Using Series.map with Series.fillna
If your column contains more strings than only female and male, Series.map will fail in this case since it will return NaN for other values.
That's why we have to chain it with fillna:
Example why .map fails:
df = pd.DataFrame({'female':['male', 'female', 'female', 'male', 'other', 'other']})
female
0 male
1 female
2 female
3 male
4 other
5 other
df['female'].map({'female': '1', 'male': '0'})
0 0
1 1
2 1
3 0
4 NaN
5 NaN
Name: female, dtype: object
For the correct method, we chain map with fillna, so we fill the NaN with values from the original column:
df['female'].map({'female': '1', 'male': '0'}).fillna(df['female'])
0 0
1 1
2 1
3 0
4 other
5 other
Name: female, dtype: object
Alternatively there is the built-in function pd.get_dummies for these kinds of assignments:
w['female'] = pd.get_dummies(w['female'],drop_first = True)
This gives you a data frame with two columns, one for each value that occurs in w['female'], of which you drop the first (because you can infer it from the one that is left). The new column is automatically named as the string that you replaced.
This is especially useful if you have categorical variables with more than two possible values. This function creates as many dummy variables needed to distinguish between all cases. Be careful then that you don't assign the entire data frame to a single column, but instead, if w['female'] could be 'male', 'female' or 'neutral', do something like this:
w = pd.concat([w, pd.get_dummies(w['female'], drop_first = True)], axis = 1])
w.drop('female', axis = 1, inplace = True)
Then you are left with two new columns giving you the dummy coding of 'female' and you got rid of the column with the strings.
w.replace({'female':{'female':1, 'male':0}}, inplace = True)
The above code will replace 'female' with 1 and 'male' with 0, only in the column 'female'
There is also a function in pandas called factorize which you can use to automatically do this type of work. It converts labels to numbers: ['male', 'female', 'male'] -> [0, 1, 0]. See this answer for more information.
w.female = np.where(w.female=='female', 1, 0)

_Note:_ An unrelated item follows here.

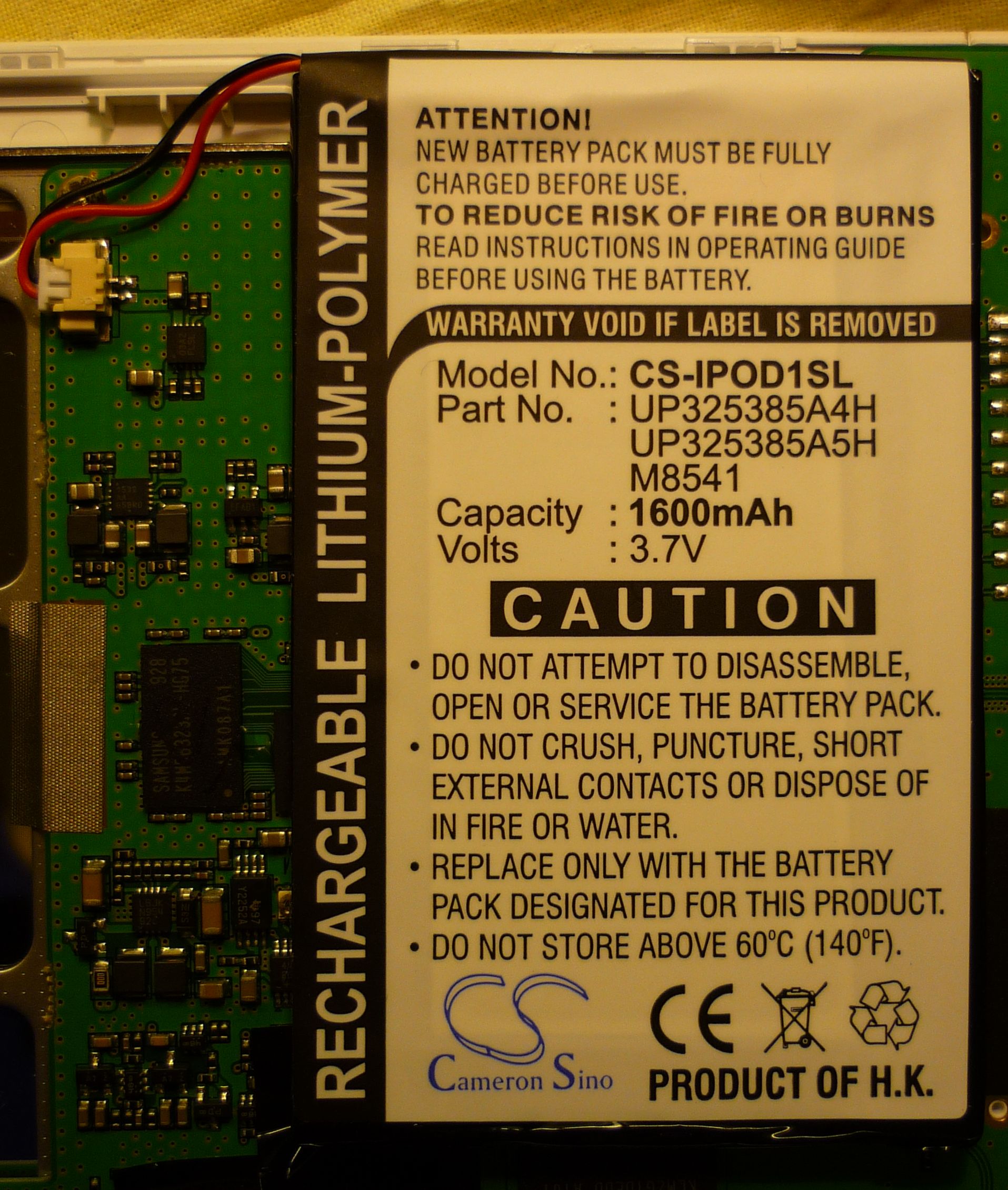 I replaced the battery successfully. I bought a new battery offered at ebay. It was declared to use for ipod 1. generation. (as mentioned above). The width and the lenght is a little bit bigger than the original, but at last its fit, after a little modification. Look at the data shield. (pic 1) But the best thing is: the plug fits perfect. (pic 2) I used some adhesive strips (double sided) to fix the new battery. (pic 3) The battery has to be mounted close to the plug. (pic 4) Because the new battery is a little bit longer, I removed the division bar from the rear cover. (pic 5) I hope this helps you like your hints were helpfull for me! - quit pro quo (H.L.) Keep on reading, Thomas |

if someone is looking for a numpy solution. This is useful to replace values based on a condition. Both if and else conditions are inherent in np.where(). The solutions that use df.replace() may not be feasible if the column included many unique values in addition to 'male', all of which should be replaced with 0.
Another solution is to use df.where() and df.mask() in succession. This is because neither of them implements an else condition.
w.female.where(w.female=='female', 0, inplace=True) # replace where condition is False
w.female.mask(w.female=='female', 1, inplace=True) # replace where condition is True
dic = {'female':1, 'male':0}
w['female'] = w['female'].replace(dic)
.replace has as argument a dictionary in which you may change and do whatever you want or need.
I think that in answer should be pointed which type of object do you get in all methods suggested above: is it Series or DataFrame.
When you get column by w.female. or w[[2]] (where, suppose, 2 is number of your column) you'll get back DataFrame.
So in this case you can use DataFrame methods like .replace.
When you use .loc or iloc you get back Series, and Series don't have .replace method, so you should use methods like apply, map and so on.
To answer the question more generically so it applies to more use cases than just what the OP asked, consider this solution. I used jfs's solution solution to help me. Here, we create two functions that help feed each other and can be used whether you know the exact replacements or not.
import numpy as np
import pandas as pd
class Utility:
#staticmethod
def rename_values_in_column(column: pd.Series, name_changes: dict = None) -> pd.Series:
"""
Renames the distinct names in a column. If no dictionary is provided for the exact name changes, it will default
to <column_name>_count. Ex. female_1, female_2, etc.
:param column: The column in your dataframe you would like to alter.
:param name_changes: A dictionary of the old values to the new values you would like to change.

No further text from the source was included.